いろいろこれからのことを想像していたら、靴箱にもたれて立つ藍斗が目に入った。
腕を組んで険しい顔をしている。
「藍斗?もしかして待っててくれたの?」
「…あぁ」
横目で俺を見て、すぐ目をそらして自分の靴をしまい始めた。
相当機嫌が悪い。
今日俺はこいつの家に行く約束はしていない。そして俺たちの家は方向が違うから、学校から5分も歩けばすぐに分れることになる。だから当然藍斗はもう帰っていると思っていた。
待ちくたびれて怒ってしまったのだろうか。
とりあえず待っていてくれた藍斗の横顔に「待っててくれてありがとう」と伝えた。
無言の藍斗の少し後ろを俺は歩いた。
いつもは隣を歩くけれど、今藍斗の顔を見るのはなんだか怖い。
「じゃあ、また明日な。」
って俺が分岐で言うと、突然藍斗が真っ直ぐ俺を見てきた。
ちゃんと目を合わせてくれたけど、張り詰めた空気に緊張感が走る。
「付き合うのか?」
「へ?」
「告白されたんだろ?」
見つめられるとなんだか上手く話せない。
藍斗の右手は俺の手首をギュッと握っていて、その力からも真剣さが伝わってくる。
「…まだ、返事してない」
「どうするんだ」
「考えてる。全然先輩のこと知らないし…」
藍斗の圧に俺の口はさっきの思考とは反対のネガティヴな言葉を言っていた。
もし直登といたとしたら、先輩のことやバカな付き合ってからの妄想話とかを楽しくできたかもしれない。
でも藍斗に今そんな話をしてしまったら、俺は本当に嫌われてしまうんじゃないかと感じていた。

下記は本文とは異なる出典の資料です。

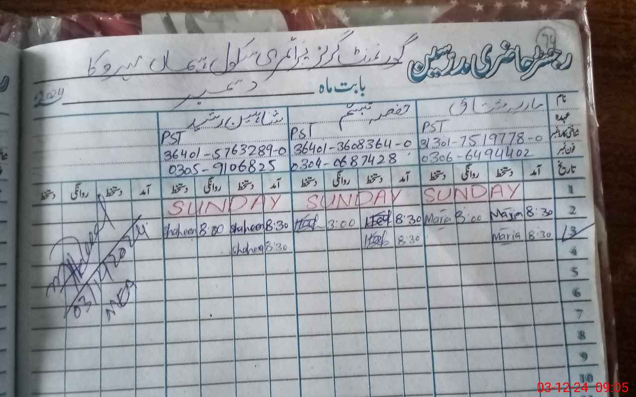 | Name: MA**** MU**** Designation: (School Headmaster's/Headmistress's) PST Phone/Cell Number: 03**** |
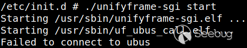 接著,我們需要啟動unifyframe-sgi.elf了,對應/etc/init.d/unifyframe-sgi的初始化腳本。用/etc/init.d/unifyframe-sgi start直接啟動后,報錯Failed to connect to ubus:

「そうか。」と言って藍斗は俺の手首を離して歩き出した。
取り残された俺は自分が悪いことをしてしまった様な変な気持ちだ。
その日は先輩の連絡先を登録はしても、連絡はできなかった。
先輩を思い出すと心がふわっとするけど、藍斗のことをその度考えてしまって今日は答えを出せる気がしない。